Data Security & Posture Management

• Design and mature strategies for Data Loss Prevention (DLP), Data Security Posture Management (DSPM), and insider risk management across cloud and on-prem environments.
• Collaborate with security engineering and IT to strengthen data visibility, encryption, and access governance through process-driven improvement.
• Translate security and privacy requirements into operational control designs with defined inputs, outputs, and monitoring metrics.
• Conduct assessments to continuously improve the organization’s data protection posture, integrating automation and process optimization where feasible.

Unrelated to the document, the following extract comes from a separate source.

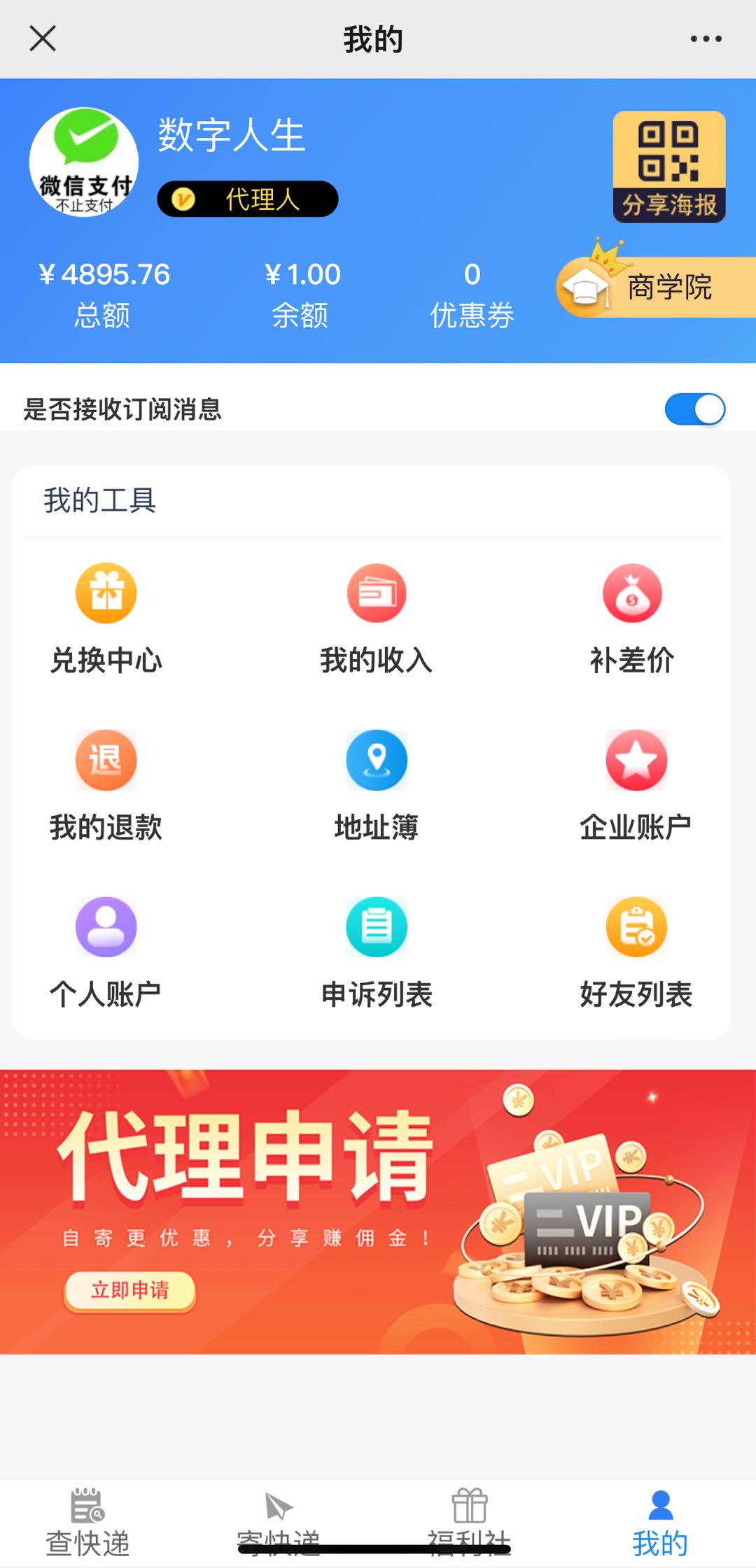 快递代理分哪些类型?:公众号代理申请一个微信服务号,我们帮您接入快递下单、查询系统,您只需每月发四次公众号推文,宣传推广自己的公众号即可。如果您已经有了一个服务号,我们也可以帮您接入快递服务入口,相当于新增一个流量入口。用户只要通过该公众号入口下单,您即可获得佣金。:微信小程序代理注册并申请一个微信小程序,我们帮您接入快递下单、查询系统,通过推广宣传,让客户来您的小程序下单即可。第三种:支付宝小程序代理在支付宝注册申请小程序,申请成功之后,联系我们的工作人员,帮您接入快递下单、查询系统。注意:代理可以同时一起做。03我们能为代理提供什么服务?1)提供多种拉新优惠活动,帮助代理增加单量祥麟云面向所有代理开放多种活动。目前上线的活动有:拉新有奖、开屏红包、满减活动、普通用户邀请送优惠券。代理想要做哪个活动,只需自己在后台添加设置即可。2)佣金提现免手续费,可直接提现到银行卡成为代理之后,收入大于1块就可以直接提现到银行卡,轻松帮代理省去一笔手续费。除此之外,税金、充值、提现都免手续费,代理完全不需要多花一分钱。

Organizational Resilience, Business Continuity & Disaster Recovery

• Develop and maintain enterprise frameworks that promote organizational resilience, ensuring continuity of critical operations during disruption.
• Collaborate with technology and operations teams to design, test, and improve Business Continuity (BC) and Disaster Recovery (DR) strategies.
• Facilitate exercises, scenario testing, and post-incident reviews to validate readiness and continuously enhance response capabilities.
• Integrate resilience and recovery processes into data protection and information governance programs.

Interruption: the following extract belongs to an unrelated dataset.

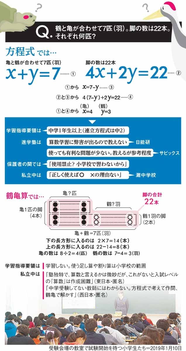 中学入試で方程式は使っちゃダメ……? 中学受験をする小学生たちの周辺で、そんな説がまことしやかに語られています。「理解が困難」「小学校で習わないから」と理由も様々ですが、果たして実際はどうなのか。謎を追うと、一部の教室でおこなわれる窮屈な指導法の問題と、学びの自由とでもいうべき深いテーマに行き着きました。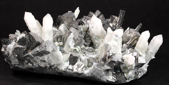 JC13909. Arsenopyrite, quartz. Huanggang Fe-Sn deposit, Hexigten Banner, Chifeng City, Inner Mongolia, China 12 x 7 x 4.5 cm 715g $250.00 From a recent find at the Huanggang mine complex. Silver, bright arsenopyrite crystals sticking straight up sort of like stubby pencils, intermixed with milky quartz crystals. There was only one Chinese dealer that had these, and they were rather pricey, so I just picked this one out of the half dozen pieces he had. Unusual for the arsenopyrites, as more columnar than normally seen, and some of them have a smaller columnar arsenopyrite on the end of the larger crystal. RESERVED |

Governance, Risk, and Compliance

• Develop and maintain policies, standards, and procedures supporting privacy, data protection, and resilience objectives.
• Support Data Protection Impact Assessments (DPIAs), Privacy Impact Assessments (PIAs), and continuity risk reviews.
• Align organizational controls with frameworks such as ISO 27001, ISO 22301, NIST CSF, and ISO 27701, ensuring continuous compliance and audit readiness.
• Serve as a key liaison between the Global Data Protection Office, IT, and business functions to drive unified data governance.

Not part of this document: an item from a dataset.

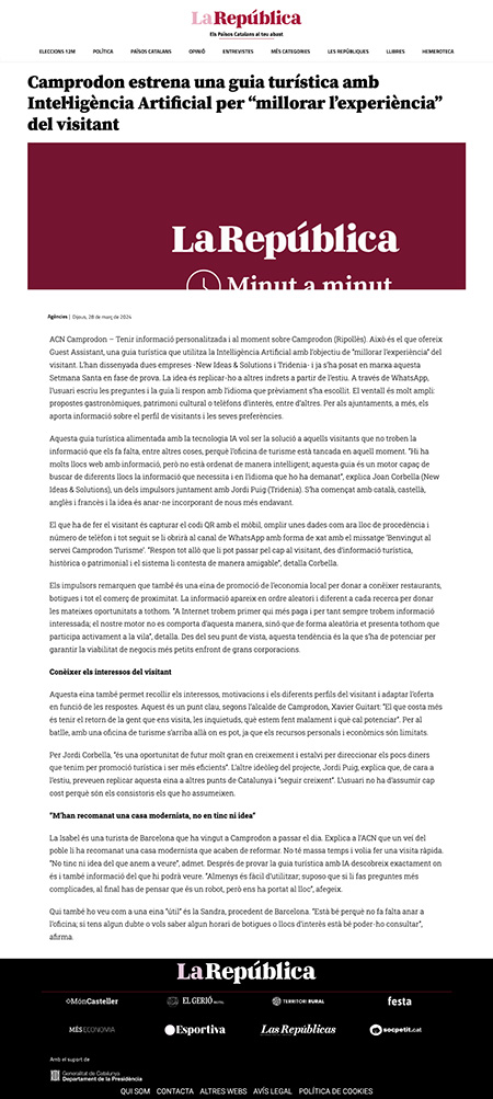 A continuación, se presenta una recopilación de las noticias más destacadas publicadas a partir de estas iniciativas, que reflejan el creciente interés y el impacto positivo que Guest Assistant está generando tanto a nivel local como en el conjunto del territorio.

Design and Operational Integration

• Champion privacy-by-design, security-by-design, and resilience-by-design through structured process engineering and control design.
• Support process mapping, gap analysis, and redesign workshops to ensure consistent execution of data protection and continuity practices.
• Create and maintain operational playbooks, process documentation, and training materials to strengthen execution maturity across teams.
• Partner with business and technology stakeholders to embed control checkpoints and quality measures into existing workflows.

Required:

• Bachelor’s degree in Information Security, Process Engineering, Risk Management, or a related field (Master’s preferred).
• 5+ years of experience in data protection, information security, or business continuity, with demonstrated process ownership.
• Strong background in process engineering (Lean, Six Sigma, or equivalent), with experience mapping, optimizing, and automating business and security workflows.
• Proven experience implementing DLP, DSPM, or data governance solutions in large or complex environments.
• Knowledge of Business Continuity and Disaster Recovery frameworks (ISO 22301, NIST SP 800-34).
• Ability to collaborate with global privacy, legal, and compliance teams to operationalize frameworks and ensure alignment.
• Demonstrated success in developing and maintaining enterprise policies, standards, and technical-to-operational control structures.
• Ability to effectively operate both independently and as part of a team.
• Good written and verbal communication skills.

Preferred:

• Certifications such as CISSP, CBCP, Lean Six Sigma Black Belt, or ISO 22301 Lead Implementer.
• Familiarity with cloud resilience and security architectures (Azure, AWS, GCP).
• Experience leading process optimization or continuous improvement initiatives in regulated environments.
• Gaming experience is preferable but not mandatory.

Personal Attributes

• Analytical and process-driven thinker with a system-oriented mindset.
• Skilled collaborator who thrives in cross-functional, matrixed environments.
• Strong communicator capable of translating complex requirements into actionable designs.
• Passionate about building a culture of trust, accountability, and operational excellence.
• Acts proactively by taking initiatives to improve processes, anticipate potential roadblocks, and implement preventative measures to ensure timelines are met.
• Demonstrates a high degree of ownership over tasks and outcomes.